Le sujet confirme la permanence de l’ancienne définition « administrative » et clôture le signification que le débat voudrait ouvrir.

• Déstabilisation

Extrait n° 10

Daniel Lefeuvre (Historien)

« L’identité nationale, c’est une construction historique, et comme toute construction, elle a un côté artificiel. Mais dans l’histoire, il n’y a que de l’artificiel qui dure ! L’identité nationale plonge dans une histoire longue […]. L’identité nationale est une donnée qu’on trouve quand on naît ou quand on arrive en France. C’est une donnée, mais elle n’est pas définie une fois pour toutes. Cet héritage s’enrichit de génération en

génération. » (Source : Libération27/10/09)

> http://www.liberation.fr/politiques/0101599552-un-hymne-ca-exprime-un-desir

Le sujet déstabilise l’objet discursif « identité nationale » en affirmant que c’est « « une simple « donnée » qui « n’est pas définie une fois pour toutes » et que par conséquent le champ des signification demeure ouvert pour être enrichi par les générations successives.

5.1.1.3. Des appropriations associées à des désappropriations

Il s’agit de repérer tous les jeux de modalités qui marquent la distance de l’énonciateur vis-à-vis de son énoncé .L’appropriation est une forme de prise en charge de son dire et la désappropriation est un désengagement vis-à-vis d’un dire autre, d’un objet discursif. Il s’agit pour nous donc de soumettre à l’analyse les traces indiquant une prise de position du sujet vis- à-vis du contenu propositionnel par un modus.

• Appropriation :

Extrait n°11

Claude Imbert , Journaliste

« […] Car la France a « mal à la Nation ». Si bien que ce biais, aussi ambigu soit-il, de l'identité nationale lui donne l'occasion d'analyser son malaise. » »
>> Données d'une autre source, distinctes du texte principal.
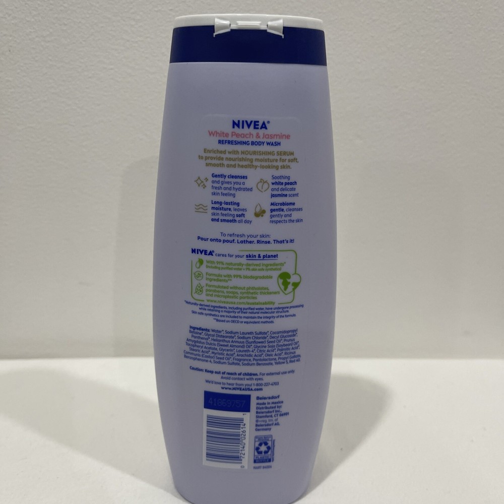 Indulge in the luxurious lather of NIVEA's Refreshing White Peach Body Wash, a blend of nourishing serum and gentle cleansing agents designed for unisex use. Perfect for those with dry skin, this 20 fl oz bottle promises a hydrating experience, infusing your skin with the essence of jasmine and the vitality of vitamins. Crafted in the United States, this all-natural formula offers a delicate balance of comfort and efficacy. The product's design, featuring a pack of one regular-sized bottle, ensures easy storage and usage, fitting seamlessly into your daily bath and body routine. Embrace the promise of a revitalized tomorrow with every use.

L’auteur inscrit une appropriation quant à l’opportunité du débat lancé par le gouvernement qu’il désigne par le mot « ce biais » (le débat comme moyen d’analyse du malaise ) . Il commence par faire le constat d’un problème nécessitant une solution. Le verbe avoir conjugué au présent de l’indicatif apporte un constat factuel réel « la France a mal à la nation ».

Ensuite même s’il émet une objection atténuée quant à la nature douteuse de ce procédé (l’identité nationale) sous la forme d’une concession « aussi ambigu soit-il » , mais il se rattrape vers la fin de la phrase pour confirmer sa légitimité en employant le terme laudatif « l’occasion » .

• Désappropriation :

Extrait n° 12

Daniel Cohn-Bendit (Député européen)

« […] Le débat sur l'identité nationale ne sert à rien. Alors, il a lieu, il faut y participer. Tout le monde dit quelque chose. On arrive à définir l’identité républicaine, on arrive à définir l’identité nationale. Et alors ? Ca nous avance à quoi ? Les problèmes qu’ont les gens ne disparaissent pas parce qu’on arrive à une définition abstraite. Je dis que tout débat qui cherche à sanctifier une identité veut exclure. […] » (Source : Europe 1, 03/12/09)

> http://www.europe1.fr/Radio/Videos-podcast/L-interview-de-Jean-Pierre-Elkabbach/

La négation « ne + servir à + rien » est un marqueur qui donne le praxème « identité nationale » comme un inverseur de l’attracteur en opposition à une catégorie typique donnée à voir en creux dans le cadre de la dialectique du même et de l’autre (F. Dufour, 2007 : 461).De ce fait il place l’objet du débat (l’identité nationale) à l’extérieur du domaine notionnel. La cause de l’exclusion est le défaut de fonctionnalité de l’objet discursif. Le verbe « servir » décrit un processusen « faire 4 » , « qui porte au discours la représentation d’un

acte (...) la phrase en « faire » assure (...) la symbolisation de l’agir »B.Vérine (T&c , 2001 :

121) De plus l’ interrogative rhétorique « Et alors ? Ca nous avance à quoi ? » entendue comme une déclarative négative « ça ne nous avance à rien. » anticipe dialogiquement (dialogisme interlocutif) la réponse négative du coénonciateur.